Daily Blast April 14, 2016

New 9th Circuit Court of Appeals Opinion Re: Class Action Lawsuits

On Tuesday, the Ninth Circuit Court of Appeals issued an opinion in Chen v. Allstate (Apr. 12, 2016, No. 13-16816) __ F.3d __, analyzing issues relating to class action lawsuits and a defendant’s ability to undercut a class action by trying to provide a named plaintiff an offer for full settlement. The court held that a class action under the Telephone Consumer Protection Act was not mooted by the defendant’s offer of judgment. The case provides an interesting peek into defensive strategy in class action matters.

Plaintiffs Chen (and Pacleb who was later added) filed a class action complaint against Allstate, alleging that Allstate solicited them with automated telephone calls without their consent. (Slip opn., p. 4.) Chen and Pacleb sought statutory damages for each alleged call as well as injunctive relief against future calls. (Id. at p. 7.) Prior to class certification, Allstate made an offer of judgment, pursuant to Federal Rule 68, to Chen and Pacleb, offering both plaintiffs more monetary damages than they sought in their complaint with fees and costs, as well as a stop to all calls to their numbers in the future. (Id. at pp. 7-8.) Chen accepted, but Pacleb did not. (Id. at p. 8.)

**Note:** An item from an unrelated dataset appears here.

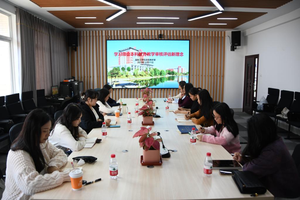 2023年10月31日下午3点,MG冰球突破官网国际工学院语言教研室在新能源416室召开会议,学习领会本科教育教学审核评估新理念,以及讨论如何对课堂教学与相关材料进行整改。黄月华副院长、教务办余志主任及语言教研室全体教师参加了本次会议。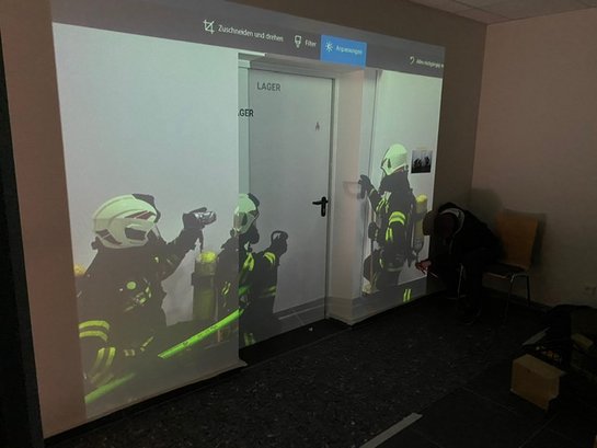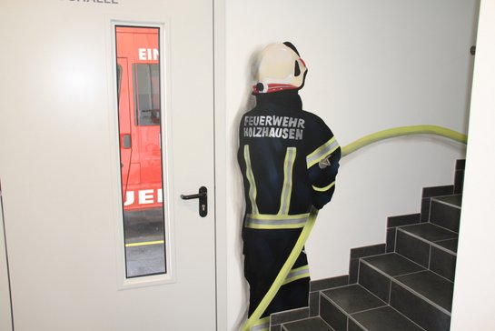 Das fertige Kunstwerk zeigt einen Innenangriff unter Atemschutz im 1. Obergeschoß. Dieses Unikat verschönert ab sofort den Eingangs- und Stiegenhausbereich, sowie den Bereich vor dem Schulungsraum im 1. Stock.

Allstate moved to dismiss for lack of subject matter jurisdiction, claiming that its offer to satisfy Pacleb’s entire demand mooted his claim because he no longer had a stake in the litigation and because class certification had not yet been filed. (Slip opn., p. 8.) The district court denied the motion finding that Pacleb’s class claim still presented a justiciable controversy, and granted Allstate’s order for interlocutory appeal. (Id. at p. 9.)

The Ninth Circuit affirmed the district court’s decision holding that while Allstate’s offer would afford Pacleb complete relief, his claim was not moot because he had not received any actual relief. (Slip opn., pp. 14, 17-18.) In reaching this conclusion, the court reasoned that it was bound by its decision in Pitts v. Terrible Herbst, Inc. (9th Cir. 2011) 653 F.3d 1081, which held that “an unaccepted Rule 68 offer of judgment . . . does not moot a class action.” (Slip opn., p. 16.) The court also answered a hypothetical posed in Campbell-Ewald Co. v. Gomez (2016) 136 S.Ct. 663, holding that the money Allstate placed in an escrow account payable to Pacleb upon final judgment or order of the district court did not constitute actual relief. (Id. at pp. 17-18.) Lastly, the court declined to direct the district court to enter judgment on Pacleb’s individual claims because “a would-be class representative with a live claim . . . must be accorded a fair opportunity to show that certification is warranted.” (Id. at p. 26.)